The data:
◇ ◇ ◇
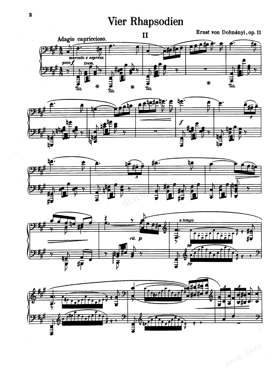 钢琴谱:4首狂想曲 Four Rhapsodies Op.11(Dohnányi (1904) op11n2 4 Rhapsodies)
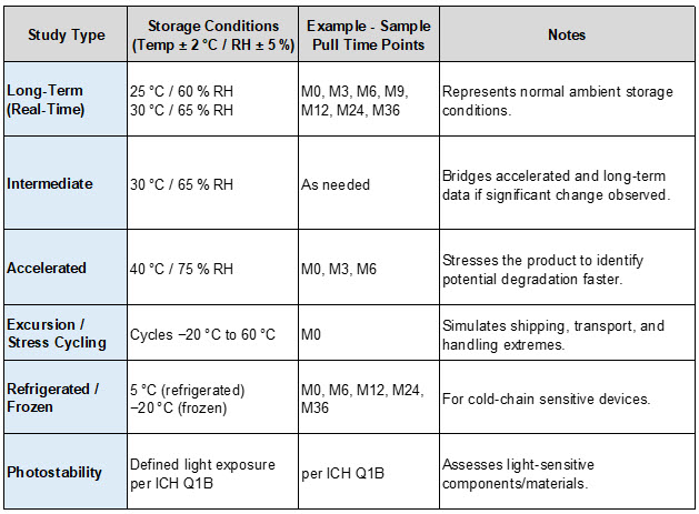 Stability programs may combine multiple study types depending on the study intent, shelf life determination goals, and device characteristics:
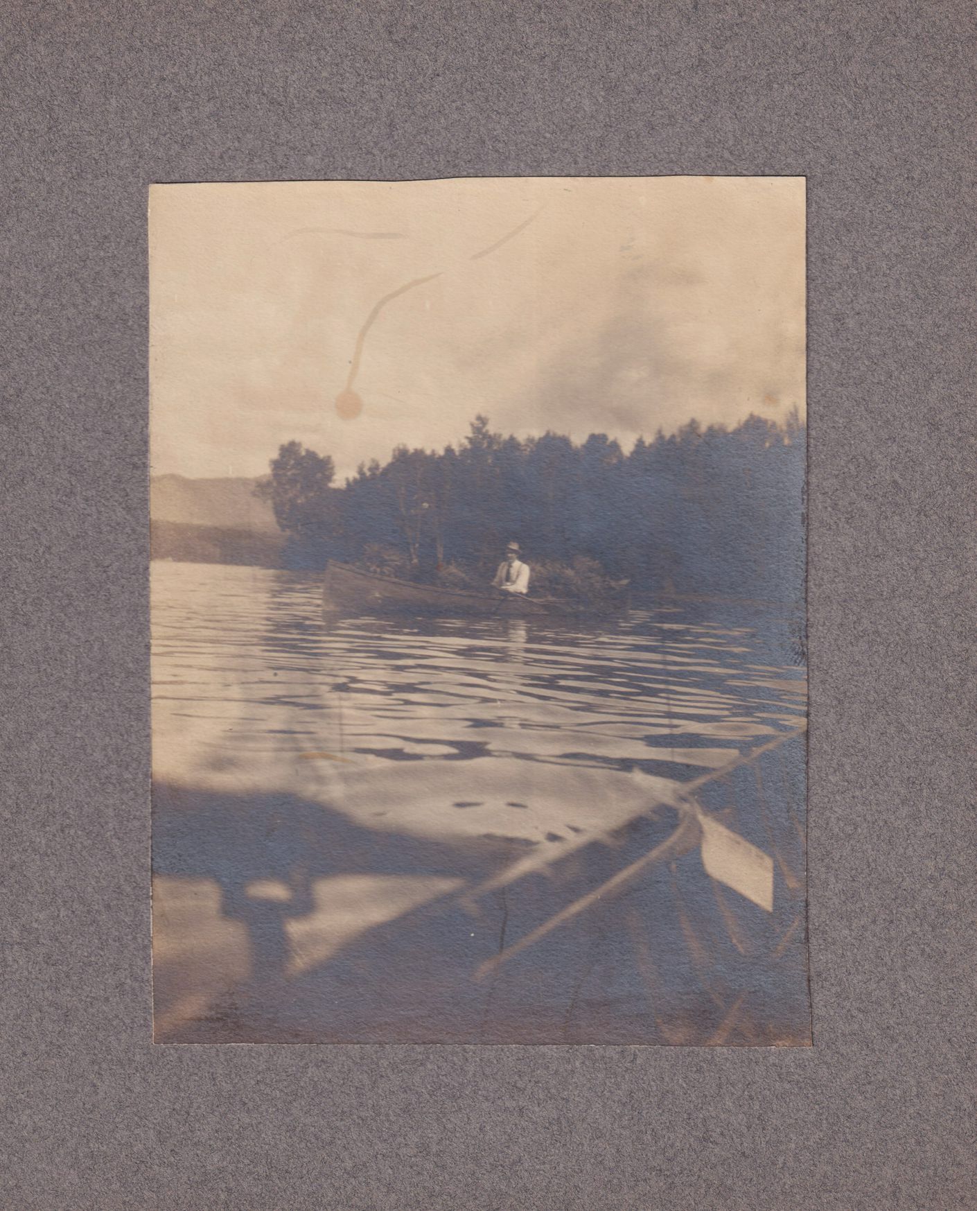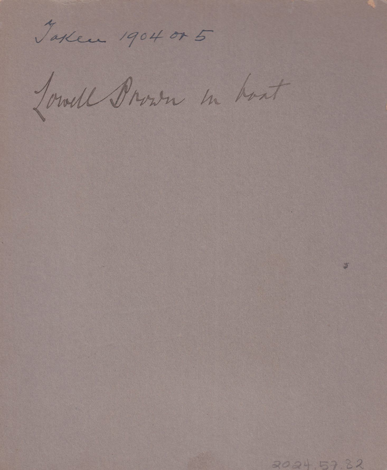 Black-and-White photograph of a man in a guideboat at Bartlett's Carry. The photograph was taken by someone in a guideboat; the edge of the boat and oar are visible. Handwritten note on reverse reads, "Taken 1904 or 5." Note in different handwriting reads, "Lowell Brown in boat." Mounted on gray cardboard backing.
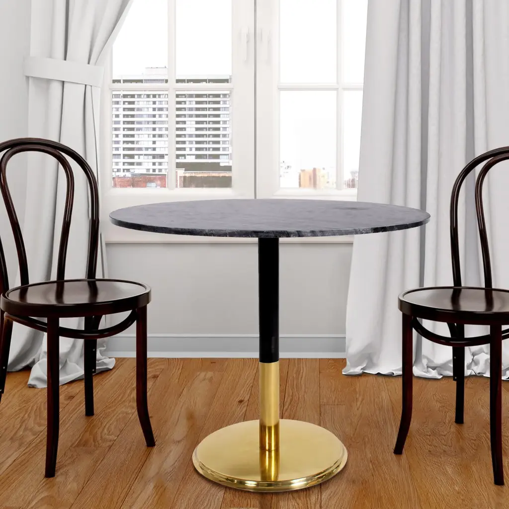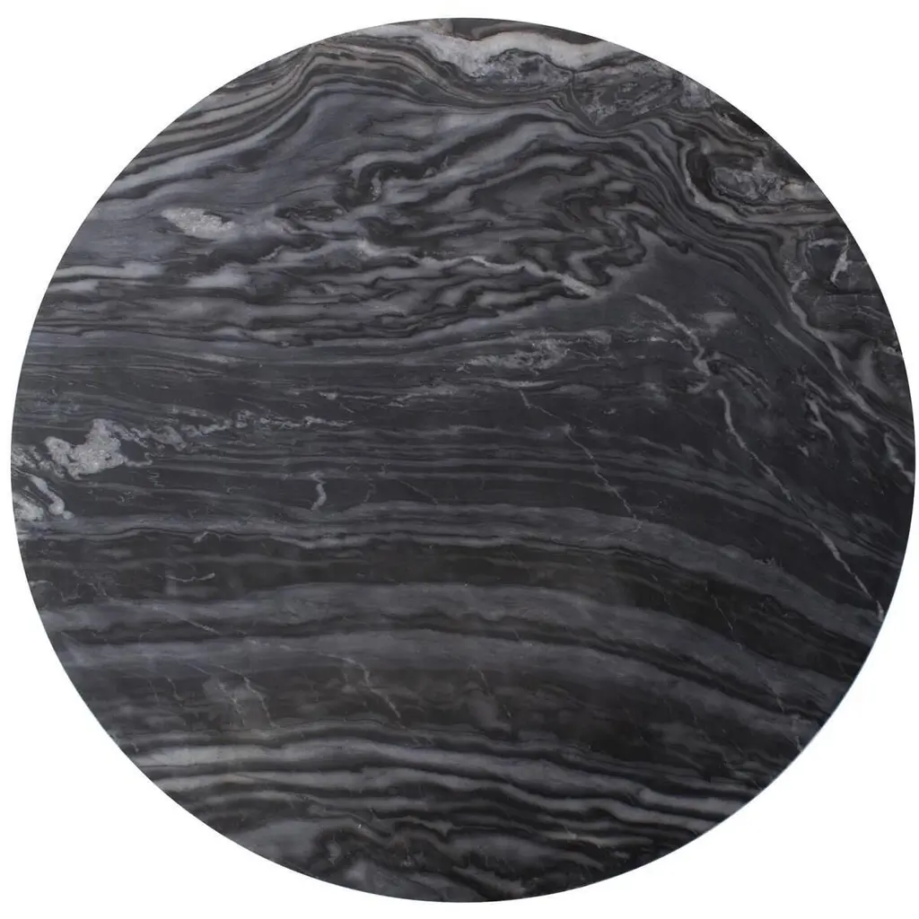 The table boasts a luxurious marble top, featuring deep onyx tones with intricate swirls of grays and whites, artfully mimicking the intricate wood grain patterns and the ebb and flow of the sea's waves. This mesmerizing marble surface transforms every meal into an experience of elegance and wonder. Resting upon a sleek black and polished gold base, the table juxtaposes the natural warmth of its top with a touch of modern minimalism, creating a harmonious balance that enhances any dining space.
◇ ◇ ◇
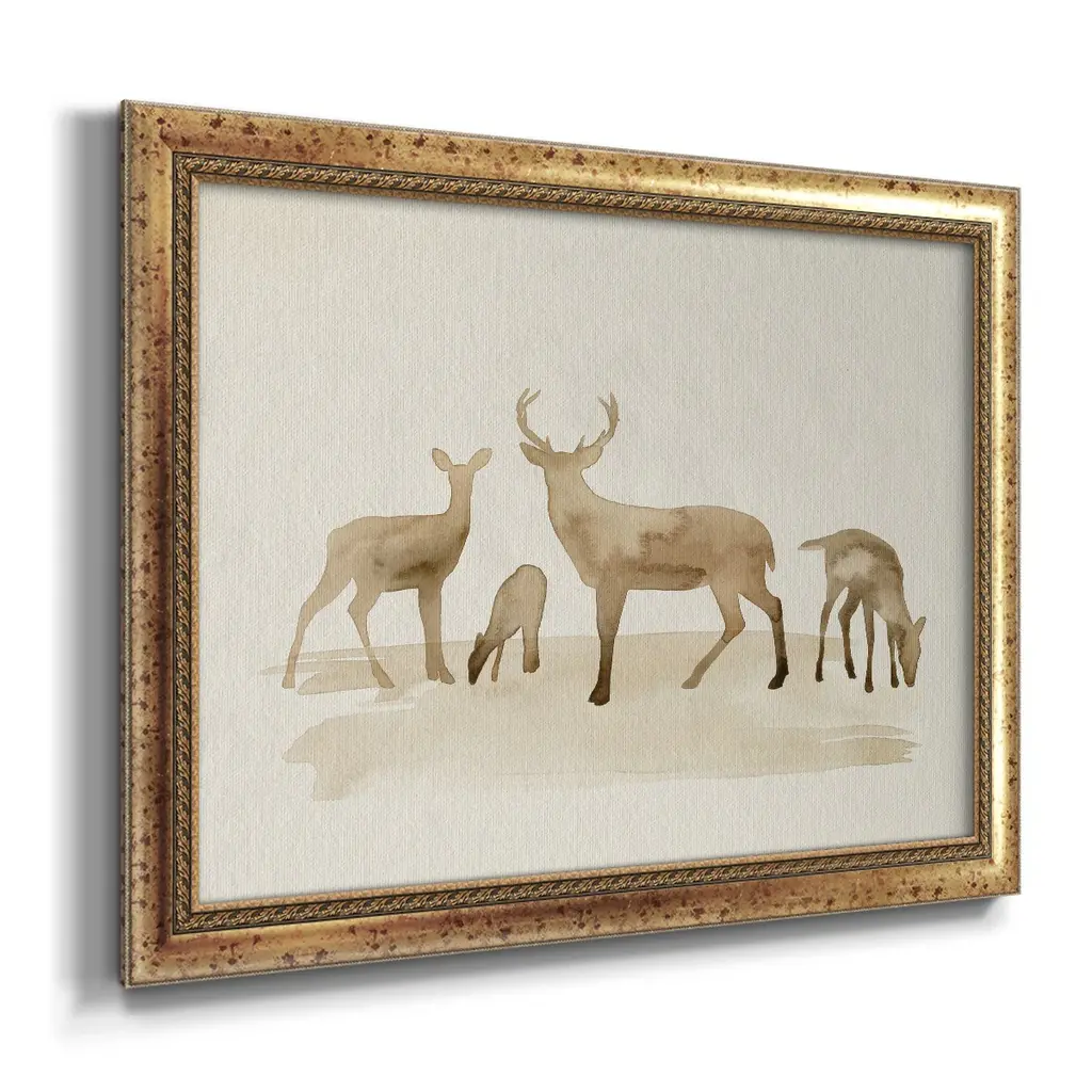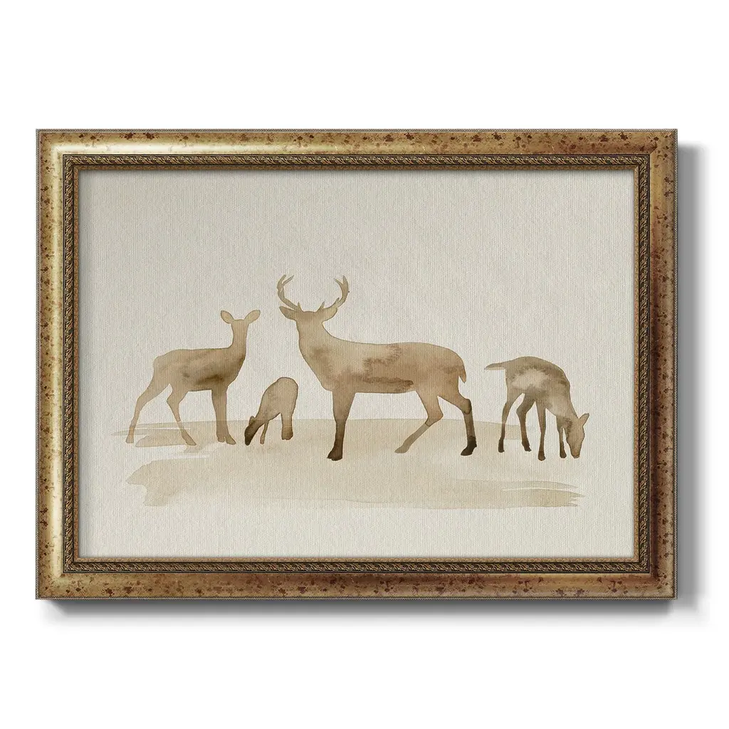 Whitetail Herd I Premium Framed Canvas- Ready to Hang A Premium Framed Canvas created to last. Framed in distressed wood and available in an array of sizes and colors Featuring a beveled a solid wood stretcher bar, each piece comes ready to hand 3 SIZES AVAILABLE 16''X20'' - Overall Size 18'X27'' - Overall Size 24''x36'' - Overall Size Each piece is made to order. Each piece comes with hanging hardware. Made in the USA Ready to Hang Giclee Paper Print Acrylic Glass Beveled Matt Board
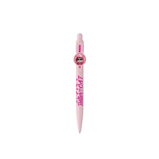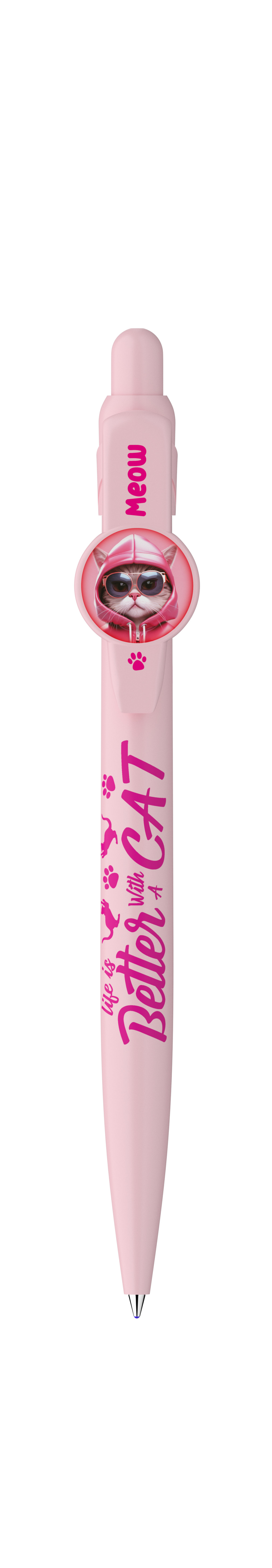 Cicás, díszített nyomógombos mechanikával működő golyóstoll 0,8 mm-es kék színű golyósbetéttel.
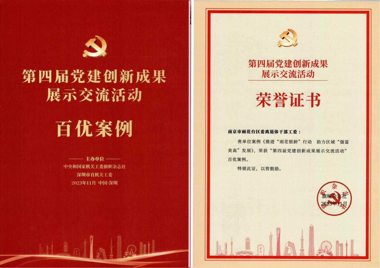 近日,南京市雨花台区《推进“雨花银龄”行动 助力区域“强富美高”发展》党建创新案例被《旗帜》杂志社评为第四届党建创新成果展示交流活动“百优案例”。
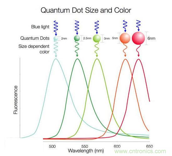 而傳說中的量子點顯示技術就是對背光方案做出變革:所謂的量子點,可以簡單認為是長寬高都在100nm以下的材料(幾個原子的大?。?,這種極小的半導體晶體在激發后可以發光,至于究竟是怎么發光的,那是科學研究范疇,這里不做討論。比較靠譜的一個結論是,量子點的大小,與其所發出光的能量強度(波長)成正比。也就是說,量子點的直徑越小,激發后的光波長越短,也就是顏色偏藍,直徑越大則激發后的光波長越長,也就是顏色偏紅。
◇ ◇ ◇
Activity:
Your reply is to be an exact repeat of the listing above from the line holding "Cicás, díszített nyomógombos mechanikával" down to the line holding "而傳說中的量子點顯示技術就是", ends included, pictures excluded.

Solution to the problem:
 Cicás, díszített nyomógombos mechanikával működő golyóstoll 0,8 mm-es kék színű golyósbetéttel.
 近日,南京市雨花台区《推进“雨花银龄”行动 助力区域“强富美高”发展》党建创新案例被《旗帜》杂志社评为第四届党建创新成果展示交流活动“百优案例”。
 而傳說中的量子點顯示技術就是對背光方案做出變革:所謂的量子點,可以簡單認為是長寬高都在100nm以下的材料(幾個原子的大?。?,這種極小的半導體晶體在激發后可以發光,至于究竟是怎么發光的,那是科學研究范疇,這里不做討論。比較靠譜的一個結論是,量子點的大小,與其所發出光的能量強度(波長)成正比。也就是說,量子點的直徑越小,激發后的光波長越短,也就是顏色偏藍,直徑越大則激發后的光波長越長,也就是顏色偏紅。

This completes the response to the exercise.